Quality rates are used to evaluate author profiles, site privacy policy, conflict of interest etc. Once they got enough information to create a search pattern Google made an extraordinary announcement in late 2019.

3 Removing Manual Submission to Google News

This announcement shock those who wanted to “get into” Google News – a huge source of traffic and authority. Previously site owners had to apply for inclusion into Google News. Now the AI would decide which is a news site and which is not. In fact, the AI is so good it can differentiate between article A and B from the same site – A could feature in Google News and B will not. Here are two examples of this.

Screenshot of freefincal articles appearing on Google News

Brief Google News appearance of freefincal articles as seen from search console screenshot

A search for “freefincal” on the Google News tab occasionally shows actual articles instead of references to freefincal or its author in news sites already on Google News.

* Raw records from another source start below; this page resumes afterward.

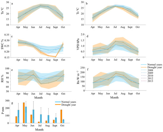 Dynamics of environmental factors during the growing season in a drought year in the drought year (2011, orange) compared to the normal years (average of 2008, 2009, 2010, 2012, 2013; blue): (a) air temperature (Ta), (b) soil temperature (Ts), (c) soil moisture content (SWC), (d) saturated vapor pressure deficit (VPD), (e) relative humidity (RH), (f) net radiation (Rn), and (g) precipitation (P). The solid lines with dots represent the monthly average daily values, and the shaded regions indicate the standard deviation for the drought year (orange) and normal years (blue). Dashed lines represent the monthly average daily values for different years within the normal year range. Bars represent the cumulative monthly precipitation, with error bars indicating one standard error.
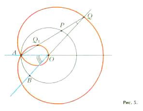 но за её основание возьмём нашу окружность (рис. 5); иначе говоря, эту конхоиду опишут точки Q
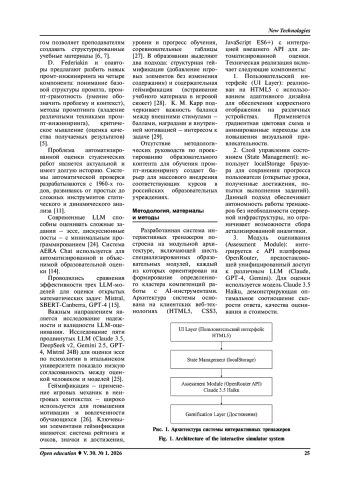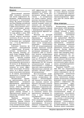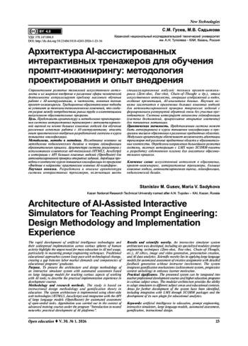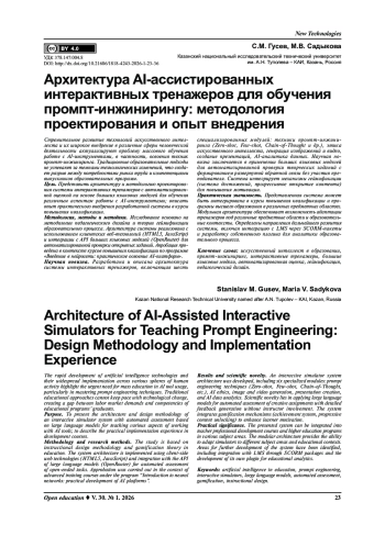 Стремительное развитие технологий искусственного интеллекта и их широкое внедрение в различные сферы человеческой деятельности актуализируют проблему массового обучения работе с AI-инструментами, в частности, освоения техник промпт-инжиниринга. Традиционные образовательные подходы не успевают за темпами технологических изменений, что создает разрыв между потребностями рынка труда и компетенциями выпускников образовательных программ. Цель. Представить архитектуру и методологию проектирования системы интерактивных тренажеров с автоматизированной оценкой на основе больших языковых моделей для обучения различным аспектам работы с AI-инструментами; описать опыт практического внедрения разработанной системы в курсы повышения квалификации. Методология, методы и методики. Исследование основано на методологии педагогического дизайна и теории геймификации образовательного процесса. Архитектура системы реализована с использованием клиентских веб-технологий (HTML5, JavaScript) и интеграции с API больших языковых моделей (OpenRouter) для автоматизированной проверки открытых заданий. Апробация проведена в контексте курсов повышения квалификации по программе «Введение в нейросети: практическое освоение AI-платформ». Научная новизна. Разработана и описана архитектура системы интерактивных тренажеров, включающая шесть специализированных модулей: техники промпт-инжиниринга (Zero-shot, Few-shot, Chain-of-Thought и др.), этика искусственного интеллекта, генерация изображений и видео, создание презентаций, AI-аналитика данных. Научная новизна заключается в применении больших языковых моделей для автоматизированной проверки творческих заданий с формированием развернутой обратной связи без участия преподавателя. Система интегрирует механизмы геймификации (система достижений, прогрессивное открытие контента) для повышения мотивации. Практическая значимость. Представленная система может быть интегрирована в курсы повышения квалификации и программы высшего образования в различных предметных областях. Модульная архитектура обеспечивает возможность адаптации тренажеров под различные предметные области и образовательные контексты. Определены направления дальнейшего развития системы, включая интеграцию с LMS через SCORM-пакеты и разработку собственного плагина для аналитики образовательного процесса.
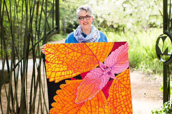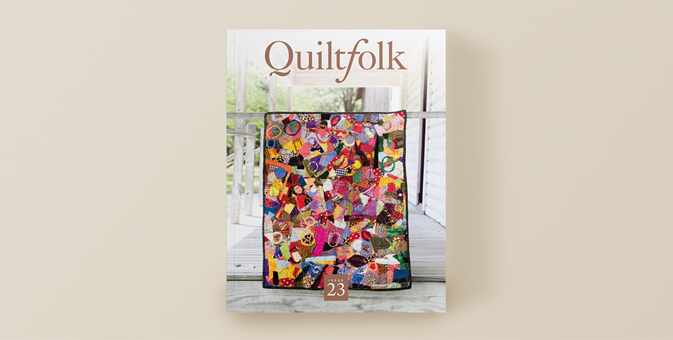 For the first time ever, a profile subject had a solo show that coincided with the Quiltfolk team’s trip to her state. And it gets better: Susan Brubaker Knapp’s show at a botanical garden featured quilts about native plants of North Carolina, so photographer Azuree Wiitala could photograph a quilted depiction of a plant, like a Venus Fly Trap, then step outside to shoot the actual growing flora. Fans of the PBS show Quilting Arts TV know Susan as a wise and generous host spotlighting other creators. In this issue, she gets her own much-deserved spotlight.
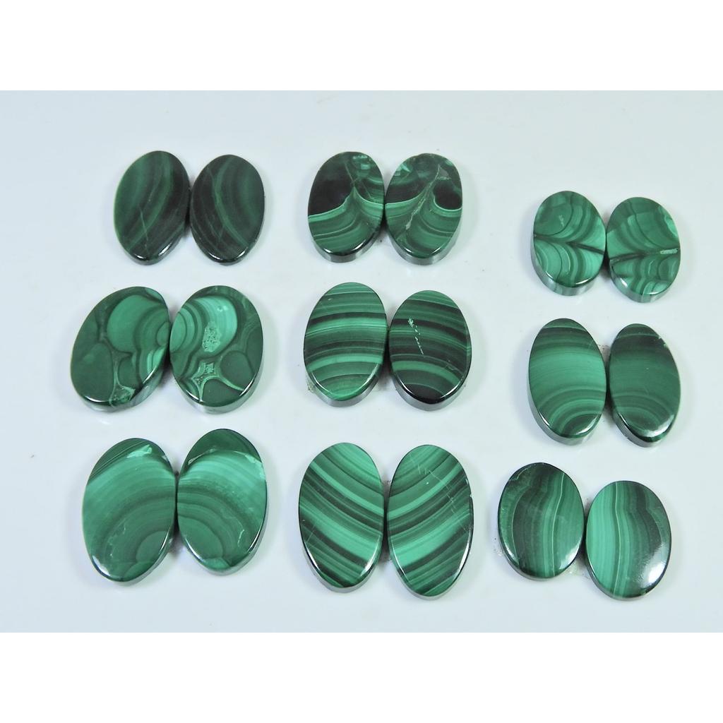 254 карата. Натуральный малахит, парный, овальный кабошон, рассыпной драгоценный камень, лот из 9 пар C-870
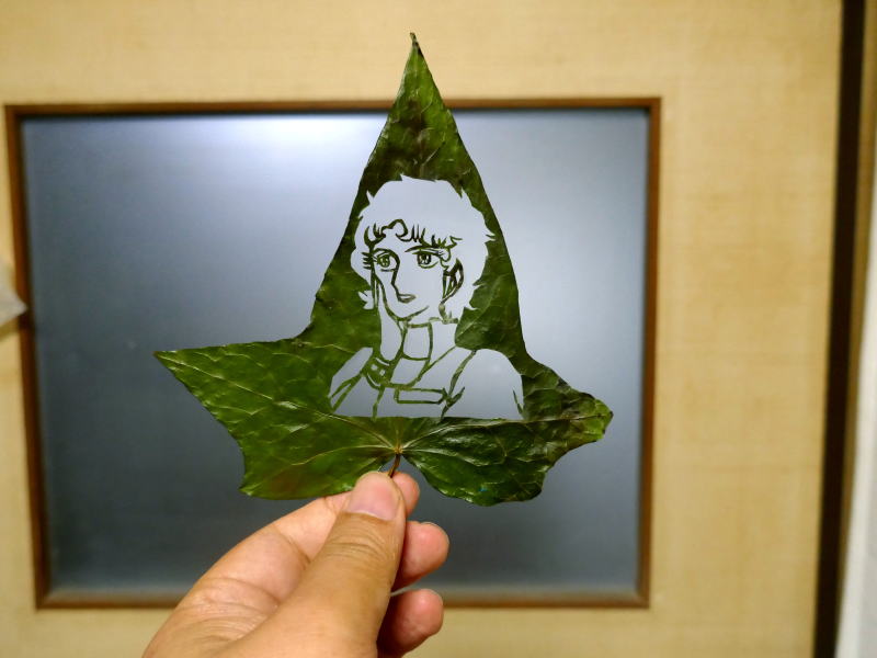 ●『ビデオ戦士レザリオン』に登場するシルベスタ将軍の秘書、モンローの葉っぱアートです。 (UP-DATE:2025.11.02)
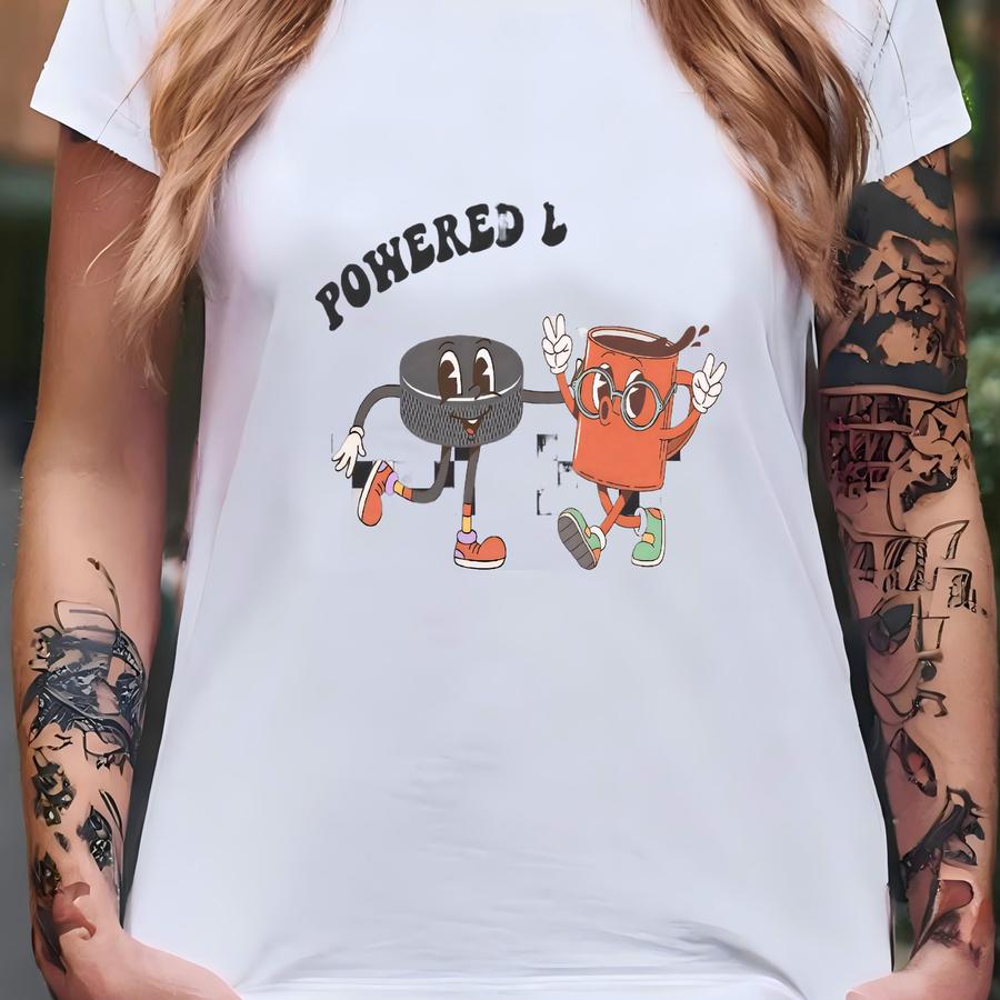Powered By Pucks And Coffee Hockey Sweatshirt, Funny Hockey Mom Sweater, Retro Hockey Shirt, Hockey Mom Gift, Vintage Hockey Shirt T-shirt
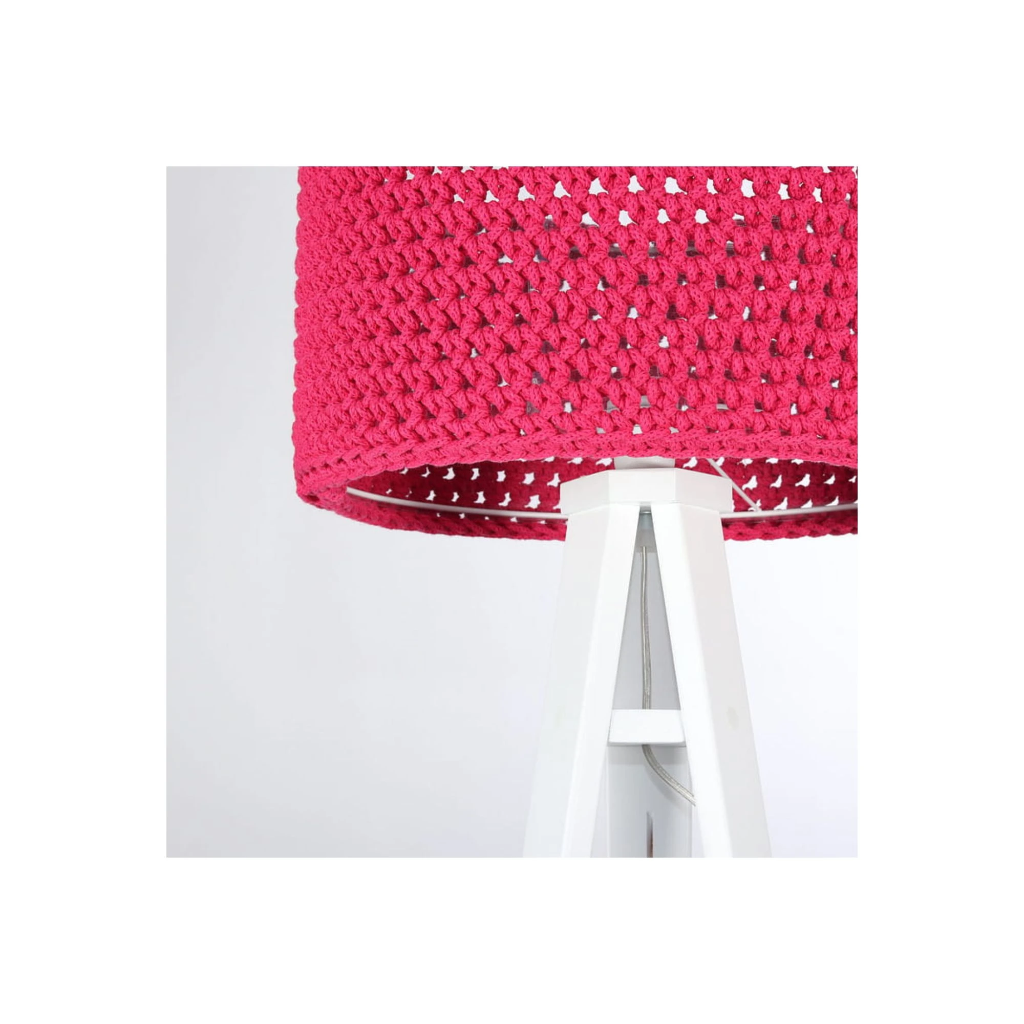 Ten model świetnie sprawdza się tam, gdzie kolor ma budować klimat aranżacji. Malinowy abażur o wyrazistym splocie ożywia pokój dziecka i staje się mocnym, ale nadal estetycznym akcentem. Dzięki zestawieniu z białym drewnianym trójnogiem lampa wygląda nowocześnie, lekko i nie przytłacza przestrzeni.

This is a precise example of granular indexing.

Other examples

Google Maps understands the nature of a business from its reviews.
Youtube now can understand comments and offers a choice of automated responses to the channel owner.
They study likes; dislikes and comments to understand what videos would keep viewers engaged on YouTube longer
Gmail can now understand what emails are about and offer automated responses and autocomplete

Passage indexing; video key moment indexing, sub-topic indexing are all part of this progression arc. The future is existing but also scary. This is the reason why they say “data is the new oil”. Google and Facebook stocks holders are laughing themselves to check on their demat accounts!